“Esta é a única noite do ano que passo acompanhado”
Iniciativa Mais Natal alimentou e abrigou dezenas de pessoas. A solidão e as carências económicas estão na base dos problemas das famílias que receberam o apoio no Natal em Santarém.
A Casa Chã, no Campo Infante da Câmara em Santarém, abriu as portas para receber dezenas de pessoas na noite de consoada e no dia de Natal. Famílias com carências económicas e pessoas que estão sozinhas no mundo, reuniram-se num só espaço para terem um Natal mais acolhedor. Graças à boa vontade de um grupo de cerca de vinte voluntários que recolheram alimentos, roupas e brinquedos.
“Esta é a única noite do ano que passo acompanhado. Vivo sozinho, tenho um irmão mas não nos relacionamos. Tenho um cão que é o meu companheiro”, diz João Ramos. Aos 67 anos admite a sua culpa. “Entreguei-me ao álcool e muito do que passo é culpa minha”. Mas ao levantar os olhos tristes do prato de sopa, que devora, diz “sou um ser humano, às vezes parece que não, mas sou”. A solidão foi também o que levou Maria Fernanda, de 61 anos, a participar nesta iniciativa. “O meu filho está fora, ficaria sozinha a passar esta noite. E seria uma noite como são todas as outras, porque estou sempre sozinha. A solidão é uma coisa horrível”.
“Viemos porque temos fome. Muita fome!”
António Oliveira e a mulher, Luísa Oliveira, não pensaram duas vezes quando os convidaram para a ceia de Natal. O filho, Jaime Oliveira, está desempregado e vive com os pais. Os três dividem um espaço que os abriga, na Quinta das Cortes, em Santarém. Sem água, sem electricidade e onde a chuva é uma constante. “Há 2 semanas que dormimos em camas todas molhadas, porque choveu lá dentro”.

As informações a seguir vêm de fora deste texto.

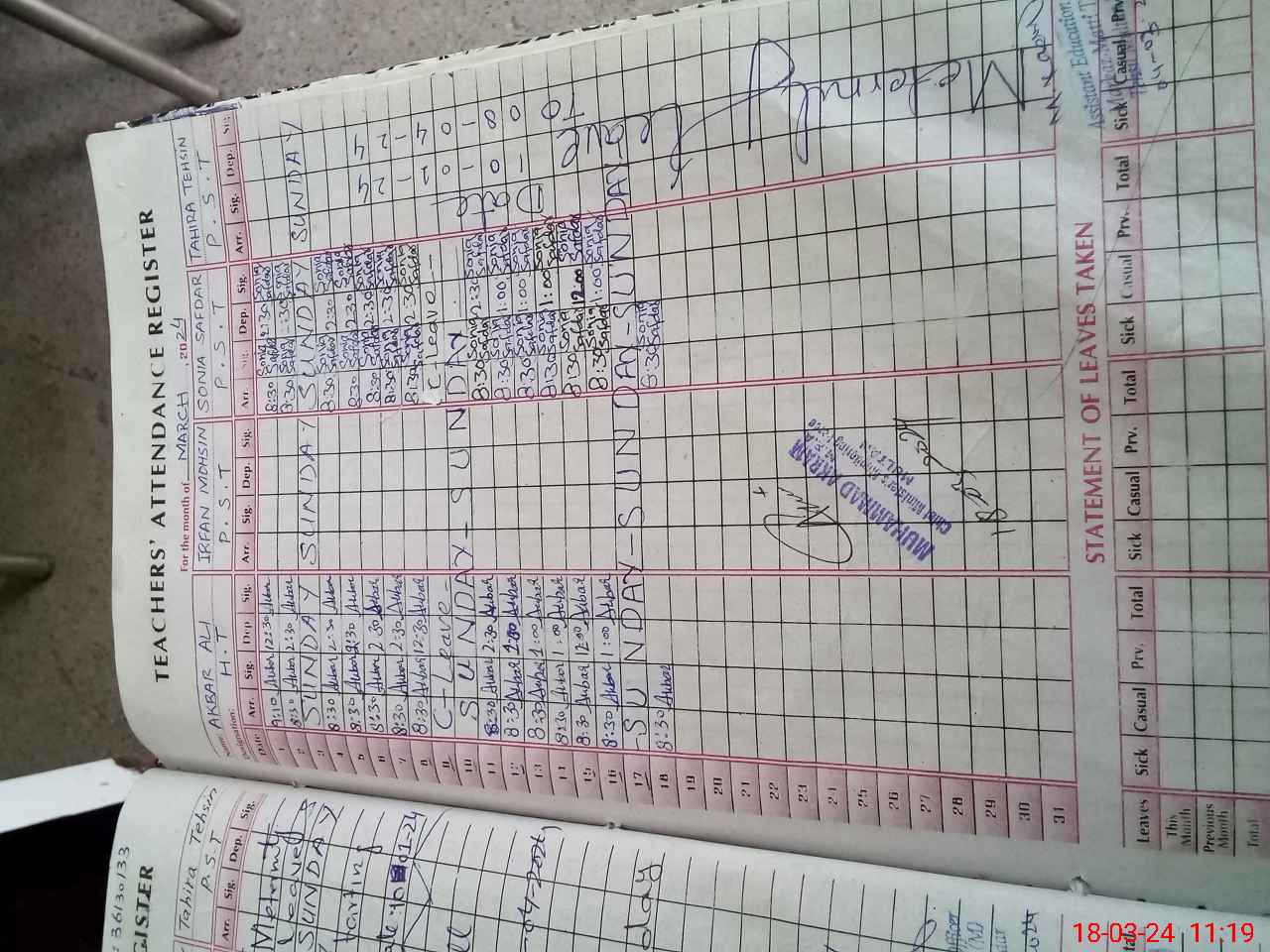 | Name: AK**** AL**** Designation: (School Headmaster's/Headmistress's) PST Phone/Cell Number: 03**** |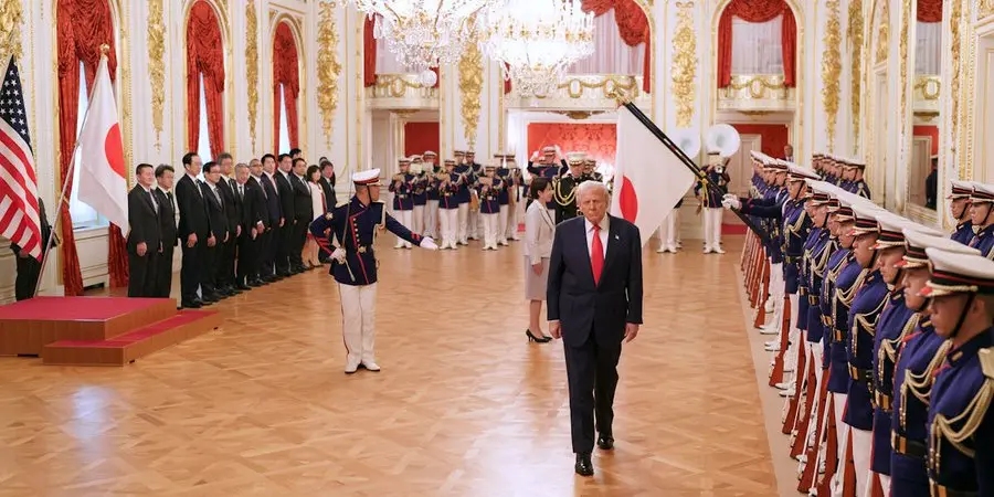 Donald Trump wandering aimlessly in Japan. The Prime Minister is behind him, he just left her behind. A soldier is trying to guide him. He doesn't even notice. He salutes the air.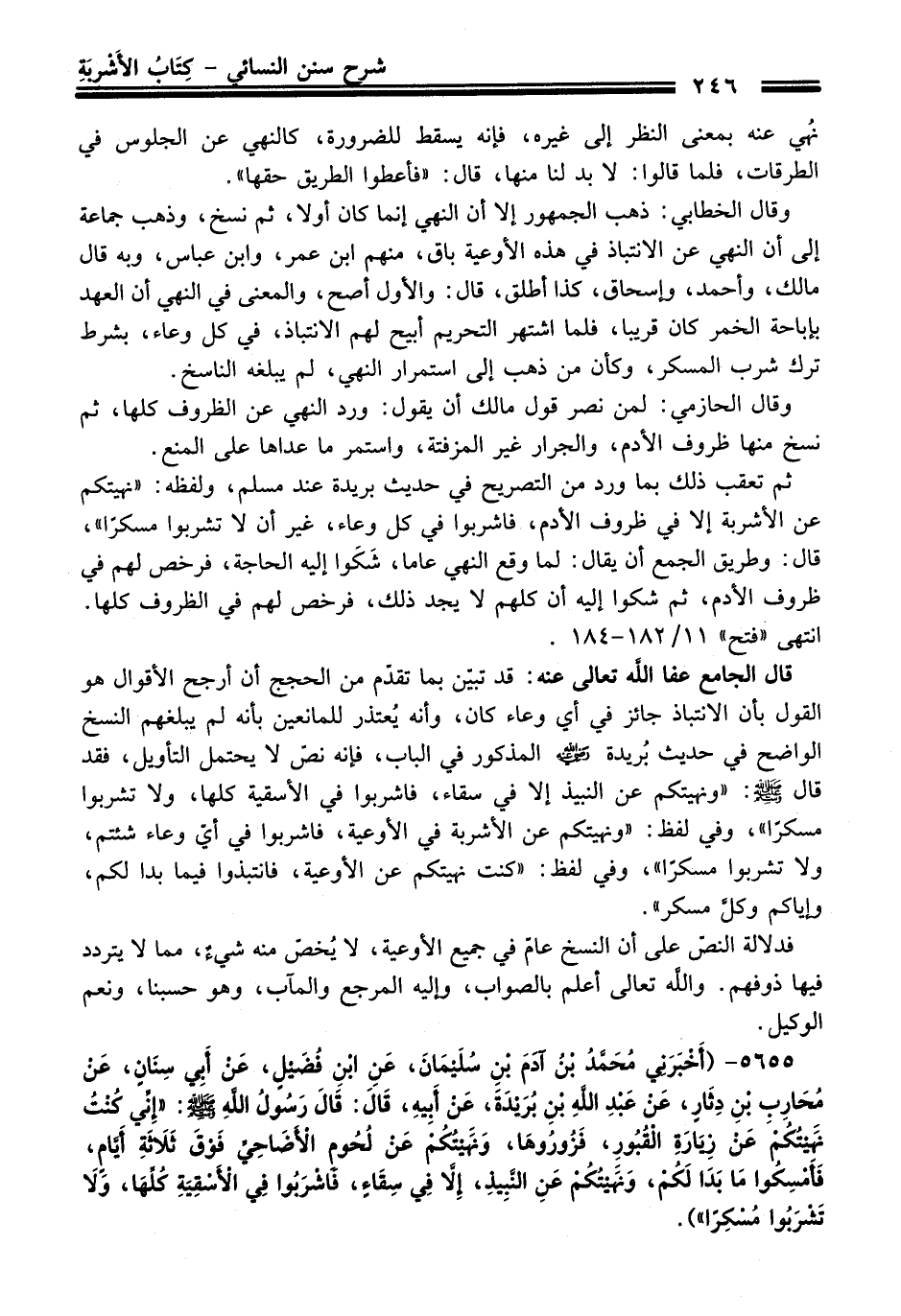 5655 - (أَخْبَرَنِي مُحَمَّدُ بْنُ آدَمَ بْنِ سُلَيْمَانَ، عَنِ ابْنِ فُضَيْلٍ، عَنْ أَبِي سِنَانٍ، عَنْ مُحَارِبِ بْنِ دِثَارٍ، عَنْ عَبْدِ اللَّهِ بْنِ بُرَيْدَةَ، عَنْ أَبِيهِ، قَالَ: قَالَ رَسُولُ اللَّهِ -صلى الله عليه وسلم-: "إِنِّي كُنْتُ نَهَيْتُكُمْ عَنْ زِيَارَةِ الْقُبُورِ، فَزُورُوهَا، وَنَهَيْتُكُمْ عَنْ لُحُومِ الأَضَاحِي فَوْقَ ثَلاَثَةِ أَيَّامٍ، فَأَمْسِكُوا مَا بَدَا لَكُمْ، وَنَهَيْتُكُمْ عَنِ النَّبِيذِ، إِلاَّ فِي سِقَاءٍ، فَاشْرَبُوا فِي الأَسْقِيَةِ كُلِّهَا، وَلاَ تَشْرَبُوا مُسْكِرًا").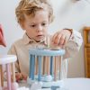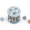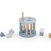 Puttekasse formet som et hjul er en morsom aktivitetsleke for de mindre barna. Puttekassen har seks hull i forskjellige former. Putt de forskjellig formede treklossene i de matchende hullene. Tøm deretter boksen ved å trekke opp den bevegelige pinnen og spillet kan starte på nytt. Det vil underholde barnet ditt i lang tid og utvikler form- og fargegjenkjenning, logisk tenkning, finmotorikk og fingerferdighet. Puttekassen kan også rulle på gulvet og oppfordrer små barn til å krype etter.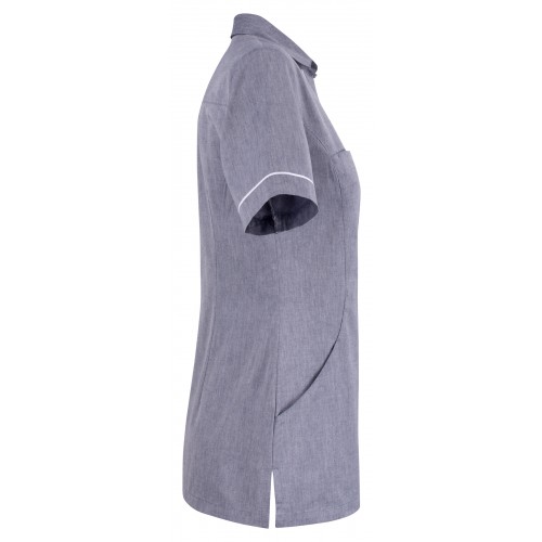 Istuva pusero, jossa kavennettu vyötärö. Naisellinen pääntie, jossa kaulus ja terenauha. Sivulla tilavat taskut, joissa avain-/korttipidike ja kaunis rintatasku. Normaalipituiset hihat, joissa hihansuissa käänne. Takapituus 76 cm koossa M.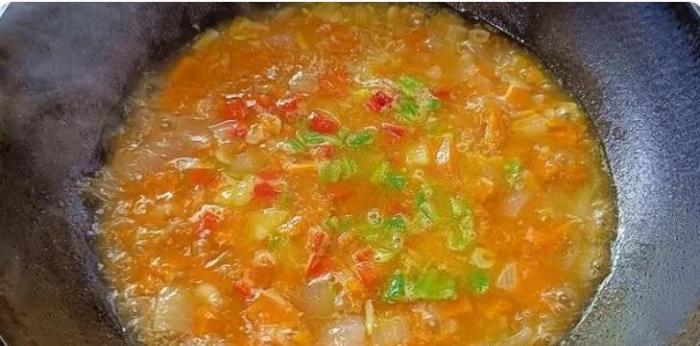 【步驟六】:南瓜和土豆煮熟,放入青紅椒,開始調味,依次放入小米辣2個、鹽1勺、胡椒粉1勺、松茸鮮1勺。

A vida “não tem sido fácil, ainda assim “temos que agradecer, porque ainda há pessoas que nos ajudam”, refere com humildade, António Oliveira. “Viemos porque temos fome. Muita fome mesmo”, desabafa Luísa Oliveira. “Nunca saímos de casa e umas vezes comemos melhor outras pior”.
As rugas e o olhar de Célia Arroteia, de 50 anos, demonstram uma vida de problemas. O marido é alcoólico, o filho está preso. “Aqui tenho o carinho e o conforto que tanto preciso e que não encontro em casa”, refere. Todos os dias faz apenas uma pequena refeição. Não tem dinheiro para mais. “Tenho o dinheiro contado para as despesas da casa. O que como é a Santa Casa da Misericórdia que me dá”, se assim não fosse “passava fome”.
Tânia Fernandes é o rosto desta iniciativa e, com um brilho nos olhos, mostrava o orgulho na equipa e em toda a sociedade de Santarém, que ajudou a reunir os bens para que nada faltasse. Tudo foi confeccionado no próprio espaço, pelos voluntários. A azáfama na cozinha começou a sentir-se pelas 18 horas, no dia 24 de Dezembro. Entre tachos e panelas, couves e o bacalhau, a amizade e entreajuda foi quem mais reinou. “O Natal sem esta iniciativa já não é a mesma coisa”, refere a O MIRANTE Tânia Fernandes. “Trago as minhas filhas, que são uma grande ajuda e não tenho palavras para agradecer a toda esta equipa que me acompanha desde o início e a outros que se juntaram ano após ano”, destaca.